Google’s return to the Pentagon has reignited a debate employees thought was over: can ethical tech companies do more good by refusing military work or by staying inside? The answer is more important now that Palantir, which has so far outlasted internal debate, spent years running the program Google abandoned.

The case for staying

Diane Greene is the former CEO of Google Cloud and was with the company when the Maven controversy began. She called it a massive misunderstanding and said that employees were angry over something that wasn’t happening. 

Greene said the project was using AI to analyze non-real-time drone footage for landmine detection, disaster recovery and object identification. The Pentagon had explicitly prohibited fully automated offensive work, Greene said. But that didn’t stop Google employees from spreading rumors. 

She said employees began circulating rumors that Google was allowing the military to use its AI to target and fire weapons autonomously. The uproar led Google to leave the project and Palantir to step in. 

“Under the contractors that followed us, the Maven program expanded to include the offensive targeting capabilities that had been explicitly excluded from Google’s contract,” Greene wrote in an op-ed with The San Francisco Standard. “The original misperception hardened into conventional wisdom.”

She said that most people in the tech industry are concerned about AI weapons and mass surveillance, but leaving the table instead of pushing for change is the wrong choice. 

“Refusing to engage doesn’t change the outcome. It removes you from it,” Greene wrote. “And the people who decide to engage might operate with fewer principles and constraints than you would.”

Microsoft President Brad Smith echoed these sentiments in a blog post regarding a similar 2019 protest at his company. Smith argued that if an ethical firm abandons a project over principled objections, it simply creates a vacuum for another company to fill — one that might not share those same ethical concerns.

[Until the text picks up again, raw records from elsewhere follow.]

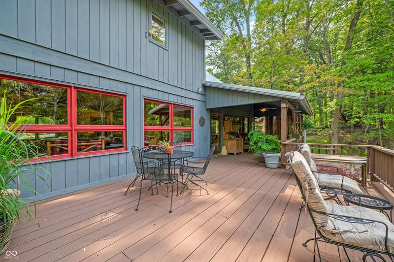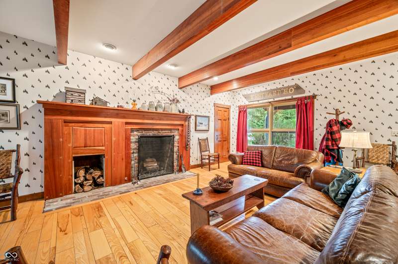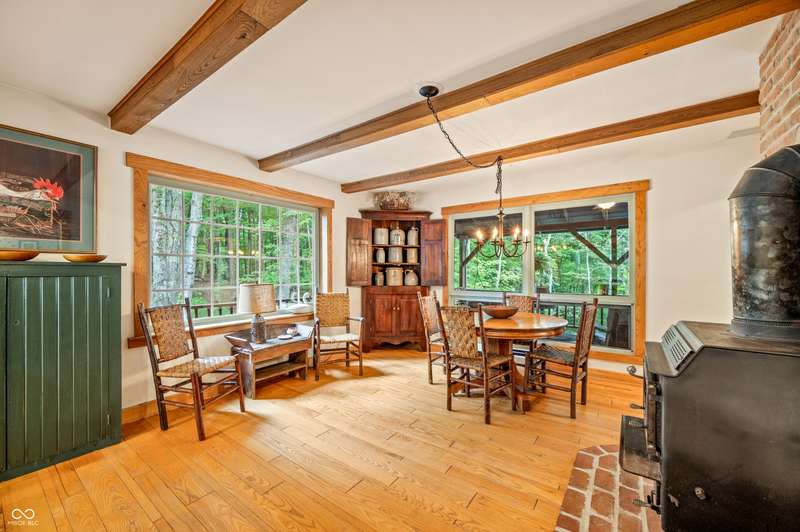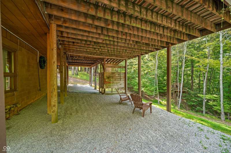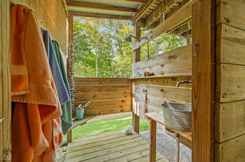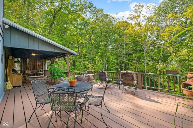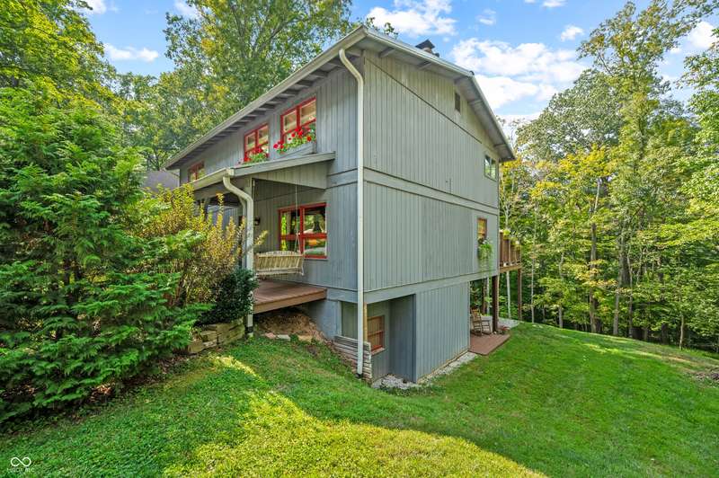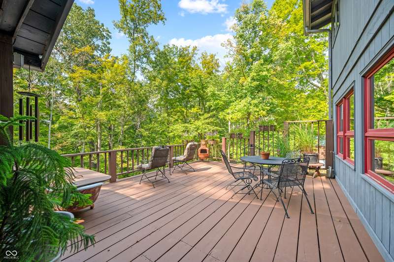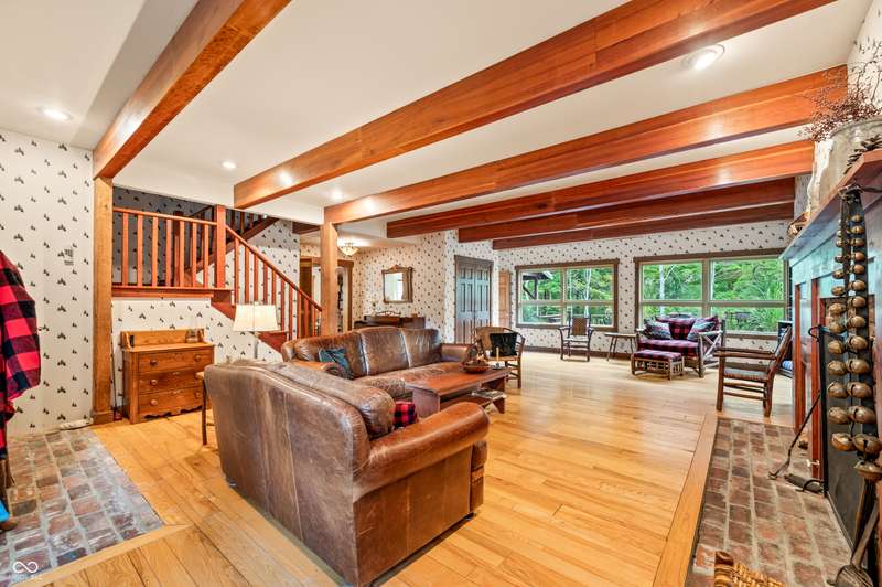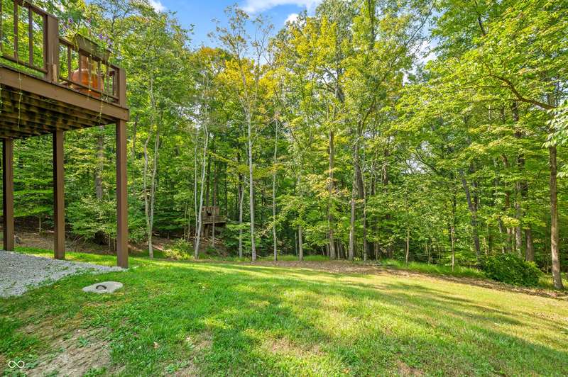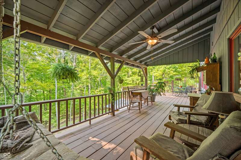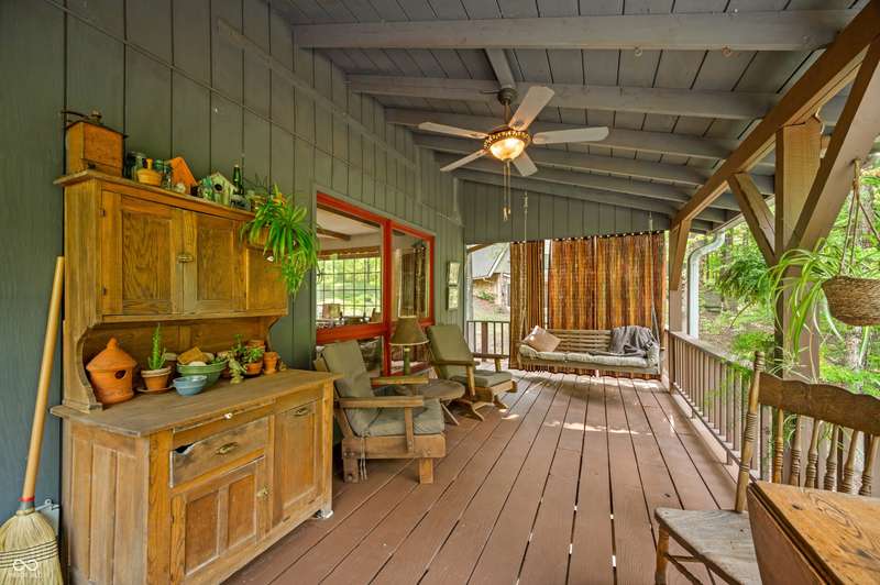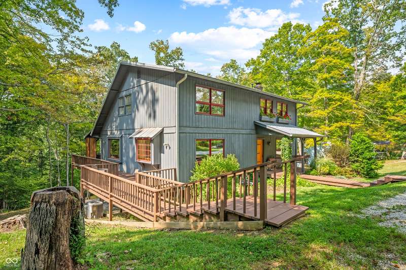 Nestled in the serene Annandale Estates of Brown County, just minutes from downtown Nashville, this rustic, bi-level home exudes warmth and character. Brown County craftsmanship is evident throughout, from the sassafras doors, cherry and sassafras beams to the custom maple countertops & cabinets in the kitchen, adding a touch of natural elegance. The living room welcomes you with the hardwood Ash floors & a Rumford fireplace, complete with a gas starter, custom-built mantel & integrated wood storage. Designed for comfort & style, the space includes a cozy seating area, perfect for enjoying quiet moments in a setting that puts you close to nature. The spacious kitchen & dining room blend seamlessly, creating an inviting heart of the home where the hardwood floors continue to flow. The dining area is anchored by a wood stove set against a beautiful brick hearth, offering warmth and ambiance. The kitchen is open with large windows that bathe the space in natural light. Custom cabinets & maple countertops add a touch of elegance & practicality. With 3 bedrooms and 3.5 baths, this home offers flexible living arrangements to suit a variety of needs. The main bedroom suite is a bright & airy retreat designed for relaxation. This spacious sanctuary offers a tranquil atmosphere, perfect for unwinding. The ensuite bath features a 2-person, jetted soaker tub, a separate shower, & a private water closet, providing a spa-like experience. On the lower level, a well-appointed guest suite offers privacy & comfort, complete with its own living area, full bath, & a private entrance. Each bedroom is designed with comfort & versatility in mind, providing ample space & unique character, while the bathrooms offer both style & function. Enjoy outdoor living space on the main deck that provides both sun & shade and is plumbed and ready for an outdoor clawfoot tub. The lower level features an outdoor shower, ideal for rinsing off after exploring the beautiful surroundings.
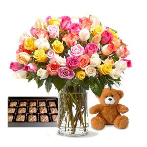 Want to make a grand impression? Show them they are worth it and express your love and affection with this magnificent arrangement featuring five dozen premium roses designed in a classic clear glass ...
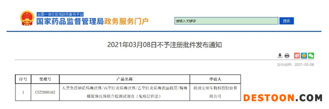3月11日訊 3月8日,國家藥品監(jiān)督管理局政務(wù)服務(wù)門戶更新《不予注冊(cè)批件發(fā)布通知》,杭州安旭生物科技股份有限公司(簡稱“安旭生物”)關(guān)鍵產(chǎn)品——人類免疫缺陷病毒抗體/丙型肝炎病毒抗體/乙型肝炎病毒表面抗原/梅毒螺旋體抗體聯(lián)合檢測試劑盒(免疫層析法),正式給予不予注冊(cè)批件。
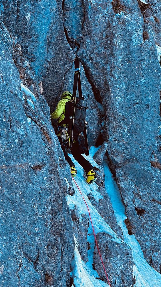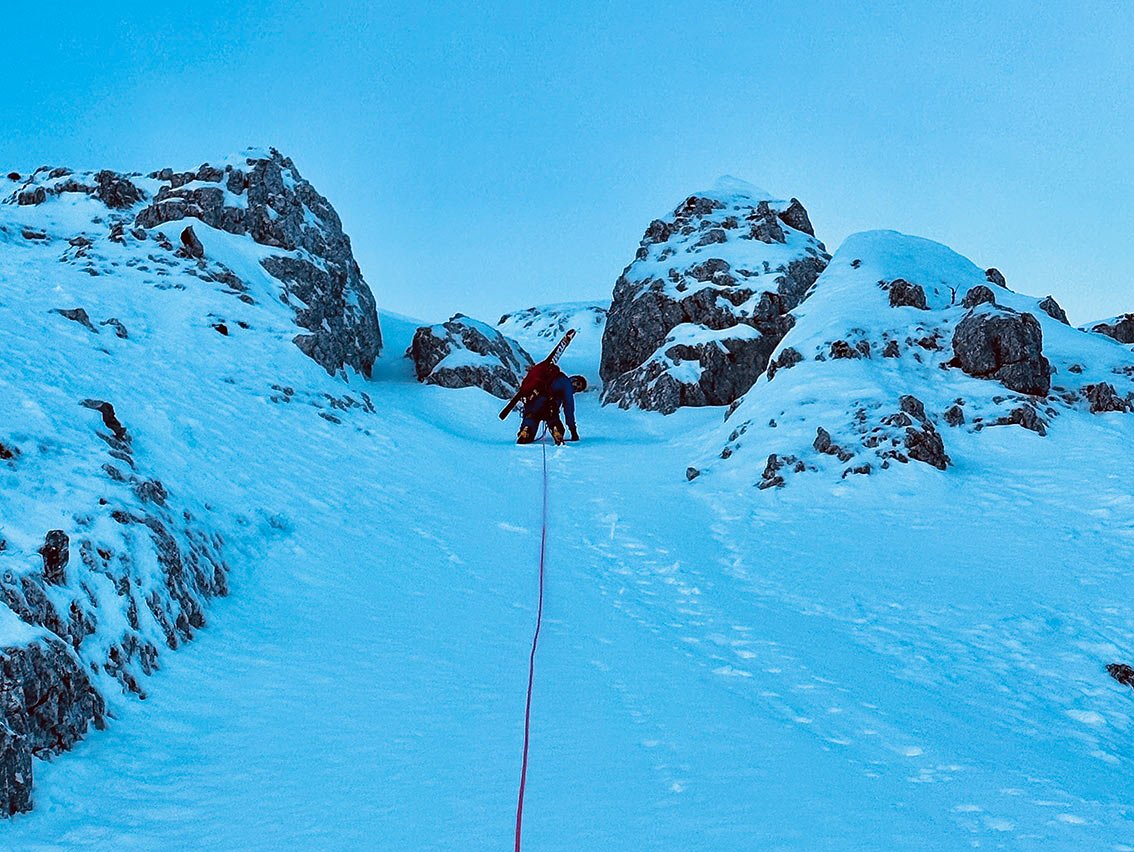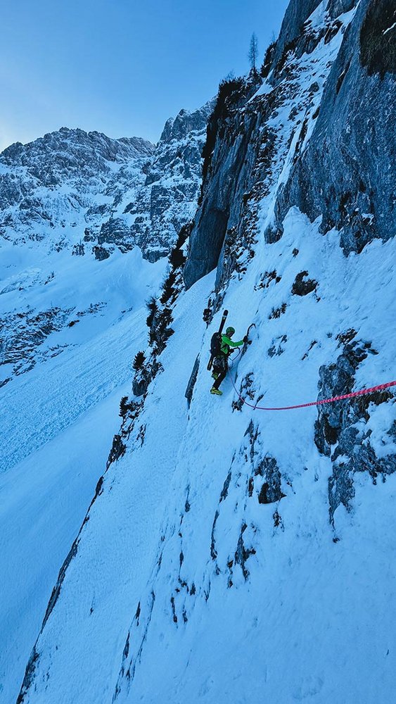 Anspruchsvolle, sehr lange, kombinierte Alpinroute.
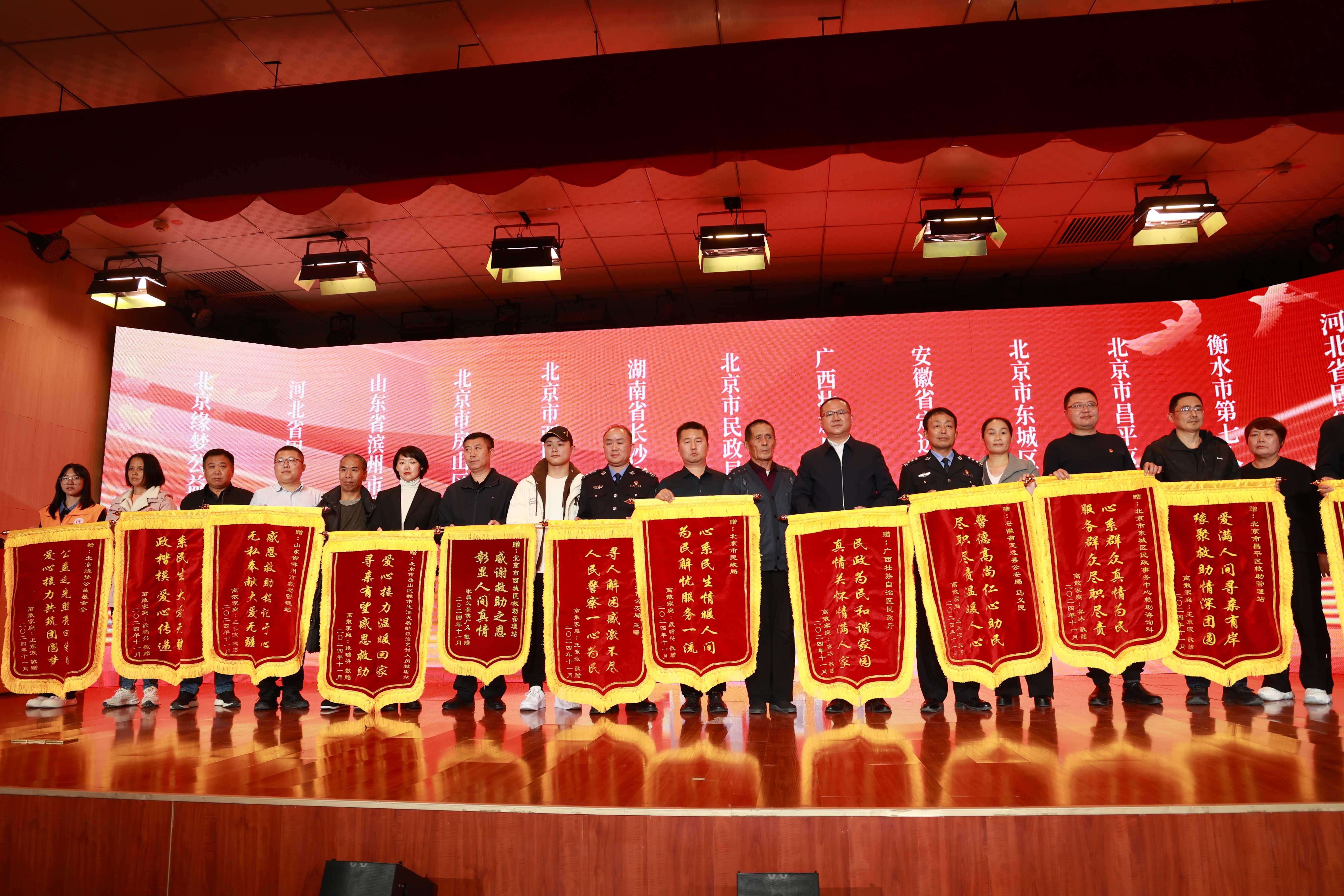 2024年11月19日,北京缘梦公益基金会联合北京市民政局在河北衡水市第七人民医院举行“共赴团圆 缘梦回家”北京市长期滞留流浪乞讨人员认亲直播活动,民政部社会事务司、北京市民政局、北京缘梦公益基金会、衡水市民政局、衡水市第七人民医院等领导以及合作开展寻亲工作的公安干警等参加认亲直播活动,共同见证了3组离散家庭团圆,认亲家庭为北京缘梦公益基金会赠予锦旗,表示感谢!
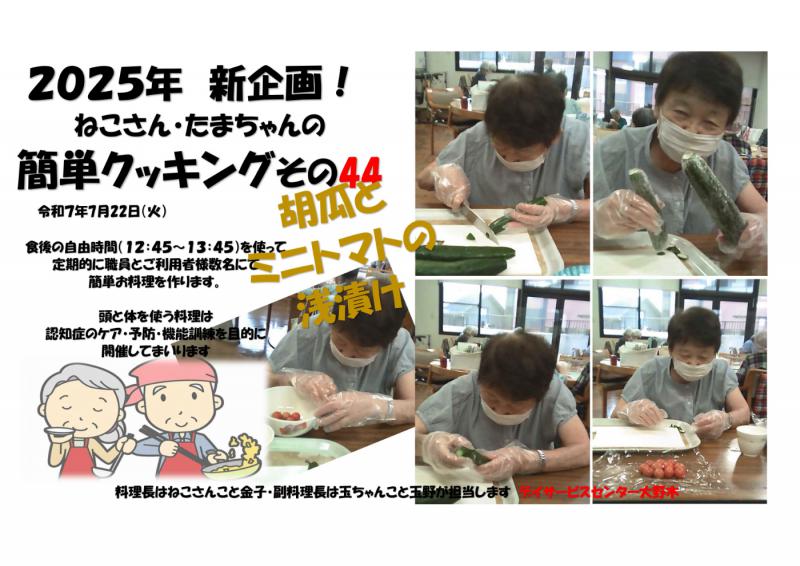 デイサービスセンター大野木 クッキング44胡瓜とミニトマトの浅漬け
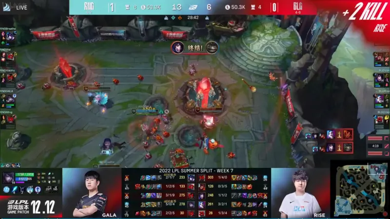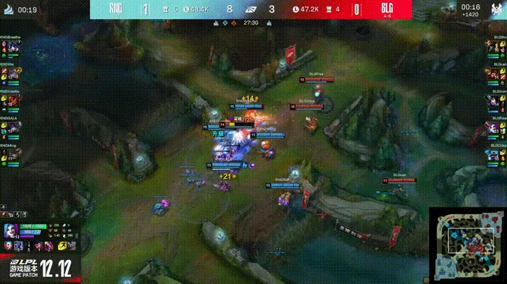 比赛第24分钟,Xiaohu岩雀抬回Rise金克斯。RNG抓到机会击杀BLG下路随后开大龙并拿下。

“To withdraw from this market is to reduce our opportunity to engage in the public debate about how new technologies can best be used in a responsible way,” Smith wrote. “We are not going to withdraw from the future. In the most positive way possible, we are going to work to help shape it.”

The case against staying

Anthropic, the makers of the AI chatbot Claude, found out the hard way that standing up for ethical AI use in the military didn’t work with the Defense Department. Instead of compromising on a plan, the DOD fired them, blacklisted them, costing them hundreds of millions, and then called them “woke” — all while the military continued to use the company’s AI. 

CEO Dario Amodei said the government retaliated against his company’s push. Anthropic has launched two lawsuits against the government but lost an appeal to temporarily prevent the blacklisting.

In the recent dispute between Google and its employees, the contract with the military that employees oppose includes language on ethical use. But the language is more like a gentle push rather than a legal chokehold. 

The contract states that, “The parties agree that the AI System is not intended for, and should not be used for, domestic mass surveillance or autonomous weapons (including target selection) without appropriate human oversight and control.” But the policy is nonbinding, and Google says that it has no right to control or prevent the “lawful” governmental use of its technology. This is similar to what Defense Secretary Pete Hegseth said during his attacks against Anthropic. 

What Google employees are asking for now

Google employees are again pushing the company toward a more ethical approach to AI: no military use of its AI, restoration of the previous AI weapons pledge, establishment of an independent ethics oversight body, and an individual’s right to refuse morally objectionable projects.

These demands aren’t your typical unionization demands. There is no mention of pay or conditions — it’s all about ethics and who controls the direction of technology. If their conditions aren’t met, workers have threatened to continue quietly abstaining from work that might improve the company’s AI to avoid detection from Google’s higher-ups. 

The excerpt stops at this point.